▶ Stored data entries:
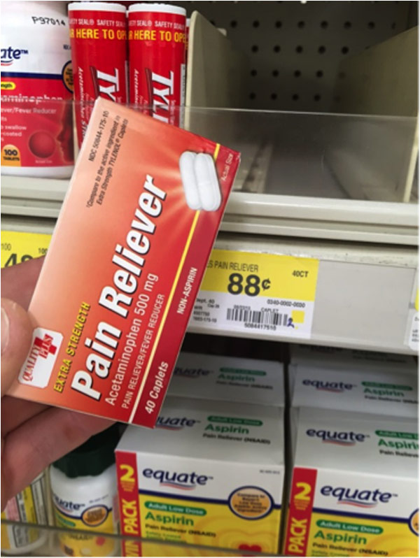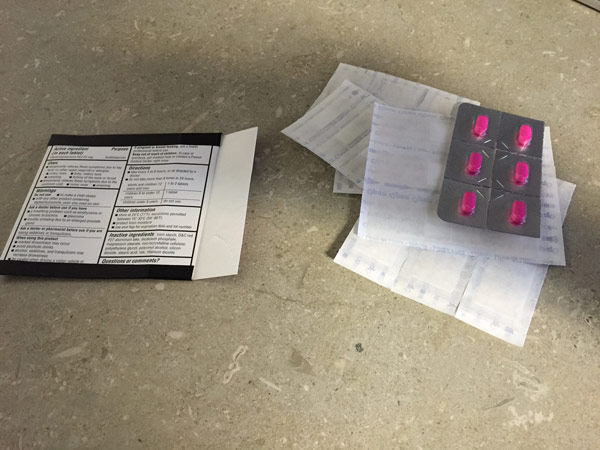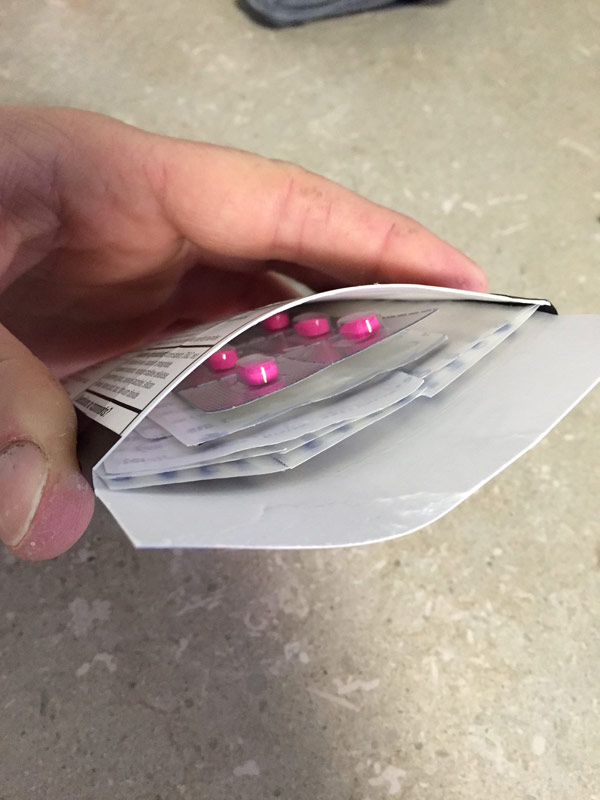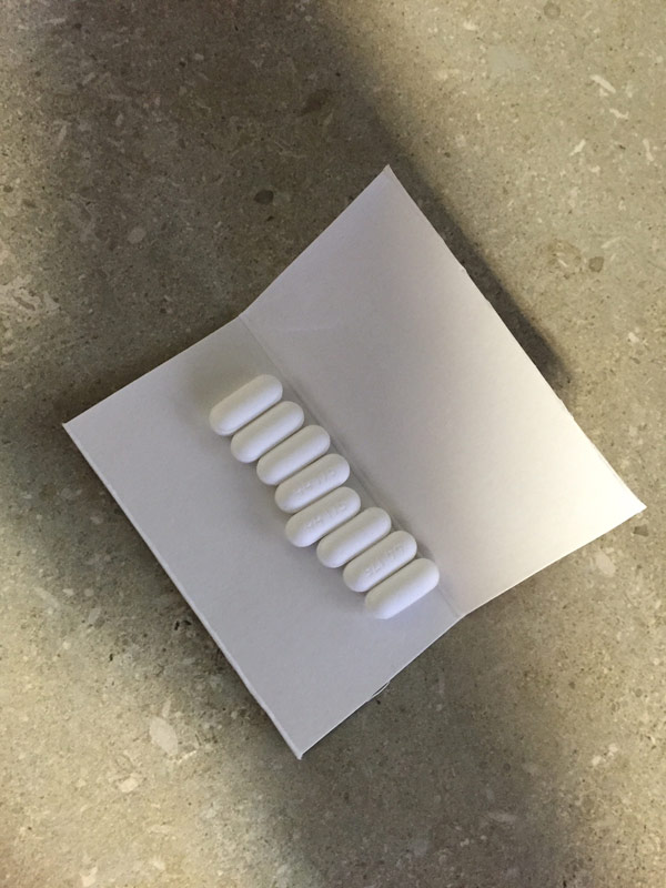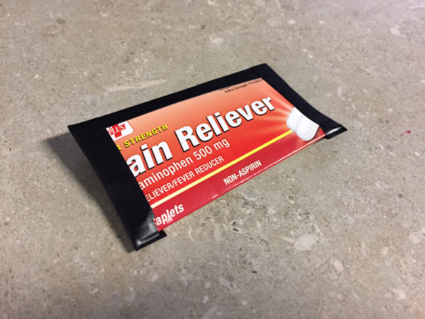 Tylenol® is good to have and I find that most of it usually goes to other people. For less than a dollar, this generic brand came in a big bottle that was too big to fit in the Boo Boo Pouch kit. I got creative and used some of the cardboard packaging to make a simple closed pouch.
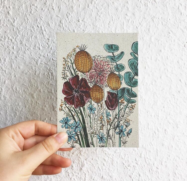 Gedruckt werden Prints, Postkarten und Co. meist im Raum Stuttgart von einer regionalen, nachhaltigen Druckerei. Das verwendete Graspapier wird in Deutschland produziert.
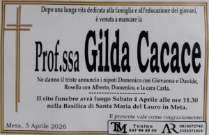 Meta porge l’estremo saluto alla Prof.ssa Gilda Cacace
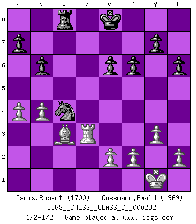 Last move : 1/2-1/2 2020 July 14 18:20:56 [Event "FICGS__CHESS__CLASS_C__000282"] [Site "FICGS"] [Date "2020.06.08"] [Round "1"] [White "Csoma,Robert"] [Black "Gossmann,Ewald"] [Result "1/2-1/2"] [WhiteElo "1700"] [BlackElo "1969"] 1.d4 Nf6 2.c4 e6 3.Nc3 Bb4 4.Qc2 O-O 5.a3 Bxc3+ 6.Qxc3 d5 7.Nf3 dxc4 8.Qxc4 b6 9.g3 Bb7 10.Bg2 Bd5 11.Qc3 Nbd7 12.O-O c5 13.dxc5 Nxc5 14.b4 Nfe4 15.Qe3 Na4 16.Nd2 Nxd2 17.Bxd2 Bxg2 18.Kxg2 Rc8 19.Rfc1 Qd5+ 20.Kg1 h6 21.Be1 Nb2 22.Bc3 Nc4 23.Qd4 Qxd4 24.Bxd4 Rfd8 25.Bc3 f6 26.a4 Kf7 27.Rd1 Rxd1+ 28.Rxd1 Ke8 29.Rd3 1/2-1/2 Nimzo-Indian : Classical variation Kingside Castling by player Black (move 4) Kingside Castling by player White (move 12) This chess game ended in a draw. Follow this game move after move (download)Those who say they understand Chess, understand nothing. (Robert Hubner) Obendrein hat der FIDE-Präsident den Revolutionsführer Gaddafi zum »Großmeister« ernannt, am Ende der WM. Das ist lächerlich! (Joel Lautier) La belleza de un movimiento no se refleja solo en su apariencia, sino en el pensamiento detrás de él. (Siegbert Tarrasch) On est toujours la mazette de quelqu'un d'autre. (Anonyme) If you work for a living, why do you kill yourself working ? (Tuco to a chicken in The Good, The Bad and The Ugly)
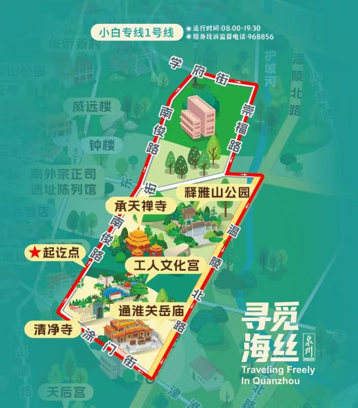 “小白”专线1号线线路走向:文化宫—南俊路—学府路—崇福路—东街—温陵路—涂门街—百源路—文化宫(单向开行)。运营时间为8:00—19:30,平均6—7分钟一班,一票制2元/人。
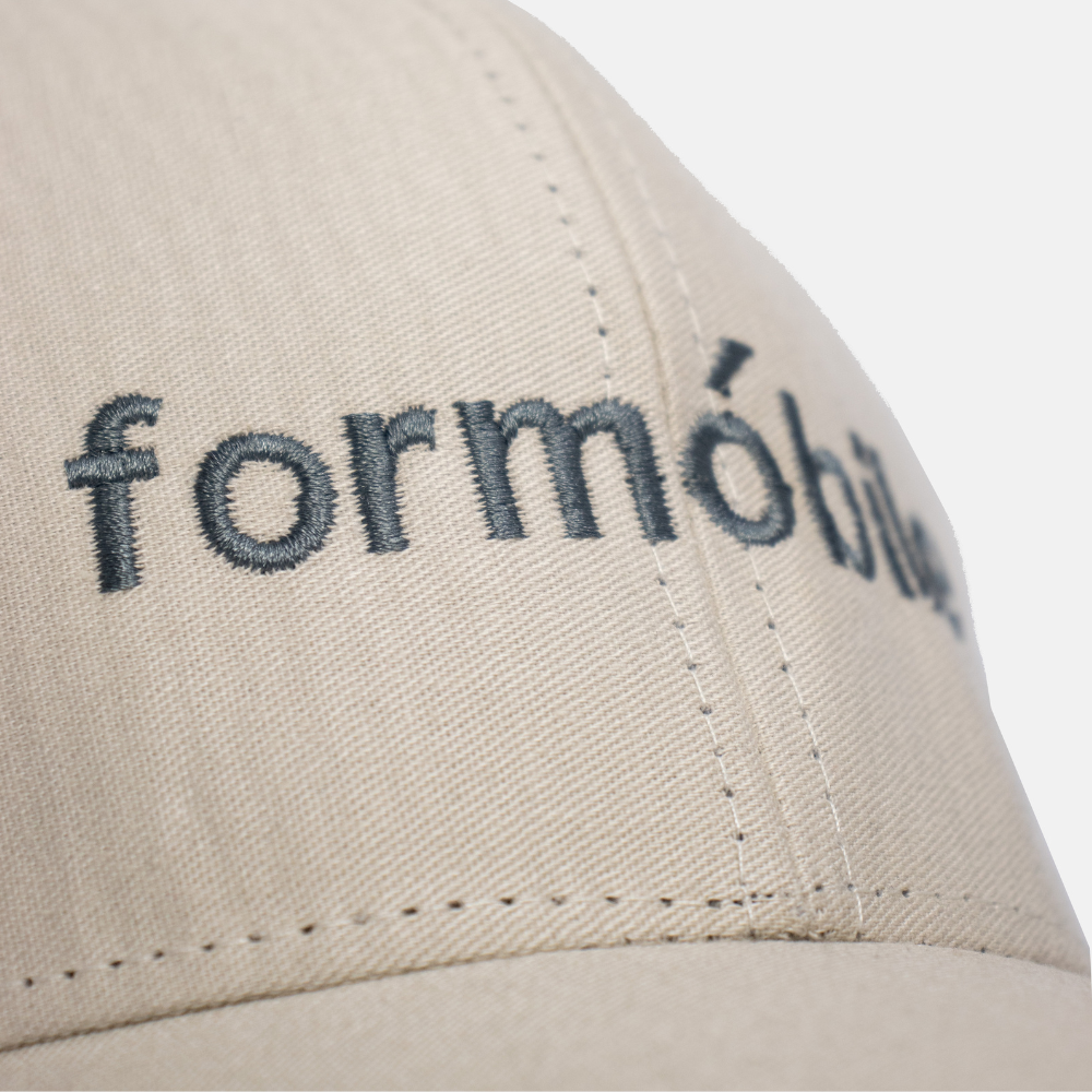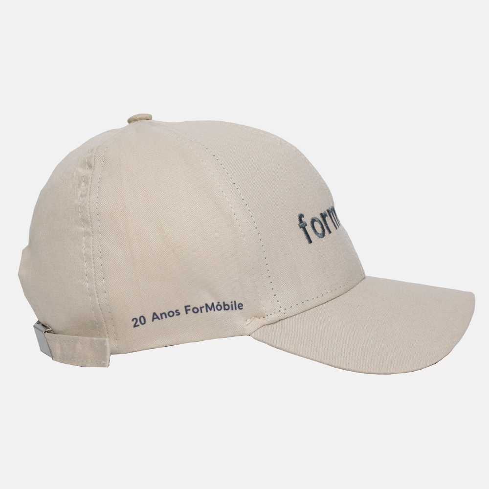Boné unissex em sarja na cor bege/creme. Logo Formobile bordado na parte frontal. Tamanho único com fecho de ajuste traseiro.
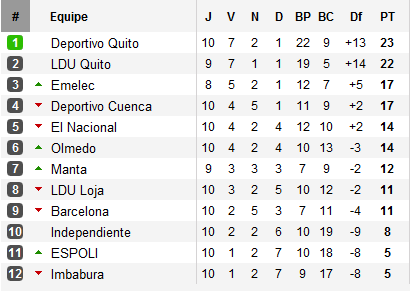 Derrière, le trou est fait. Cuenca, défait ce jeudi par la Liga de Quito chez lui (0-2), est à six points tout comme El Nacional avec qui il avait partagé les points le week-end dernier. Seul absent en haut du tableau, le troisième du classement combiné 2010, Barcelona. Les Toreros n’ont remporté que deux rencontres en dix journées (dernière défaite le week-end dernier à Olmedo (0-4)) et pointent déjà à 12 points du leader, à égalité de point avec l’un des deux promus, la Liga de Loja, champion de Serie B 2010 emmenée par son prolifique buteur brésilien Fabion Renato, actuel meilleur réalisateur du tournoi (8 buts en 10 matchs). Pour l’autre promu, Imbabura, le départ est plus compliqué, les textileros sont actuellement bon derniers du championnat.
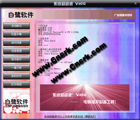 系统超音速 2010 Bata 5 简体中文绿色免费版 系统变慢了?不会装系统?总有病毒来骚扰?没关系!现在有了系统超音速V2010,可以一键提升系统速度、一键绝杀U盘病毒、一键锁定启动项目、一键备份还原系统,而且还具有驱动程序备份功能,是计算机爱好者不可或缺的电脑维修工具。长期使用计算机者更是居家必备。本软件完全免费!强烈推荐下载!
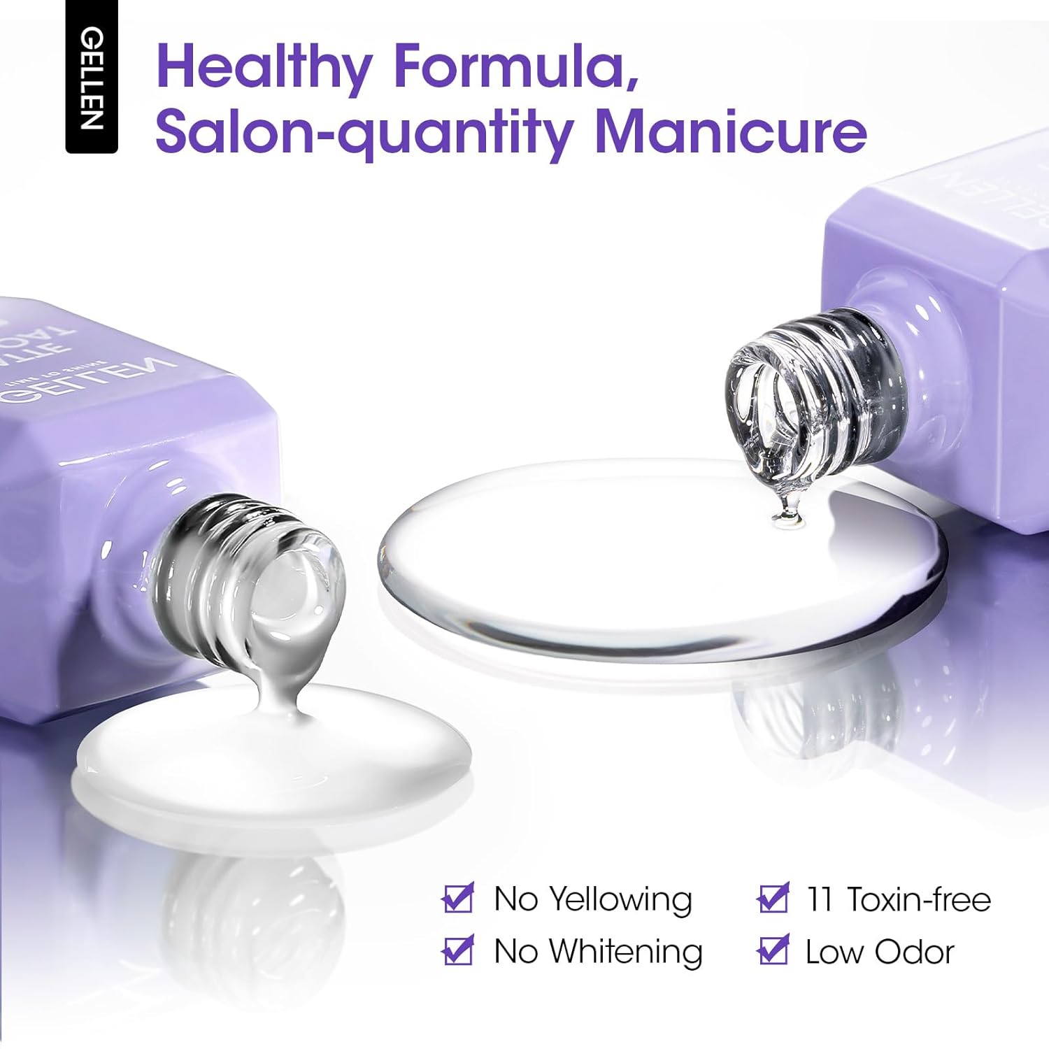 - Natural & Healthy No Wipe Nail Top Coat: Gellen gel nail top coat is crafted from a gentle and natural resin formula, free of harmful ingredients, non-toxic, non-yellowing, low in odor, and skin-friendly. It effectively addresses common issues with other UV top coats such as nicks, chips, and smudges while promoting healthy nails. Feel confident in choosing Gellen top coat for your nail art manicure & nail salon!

▶ WORK INSTRUCTIONS:
Print the data above exactly, from its first line to the line bearing "Meta porge l’estremo" inclusive, and keep pictures out of the result.

▶ RESULT FOR THIS EXERCISE:
 Tylenol® is good to have and I find that most of it usually goes to other people. For less than a dollar, this generic brand came in a big bottle that was too big to fit in the Boo Boo Pouch kit. I got creative and used some of the cardboard packaging to make a simple closed pouch.
 Gedruckt werden Prints, Postkarten und Co. meist im Raum Stuttgart von einer regionalen, nachhaltigen Druckerei. Das verwendete Graspapier wird in Deutschland produziert.
 Meta porge l’estremo saluto alla Prof.ssa Gilda Cacace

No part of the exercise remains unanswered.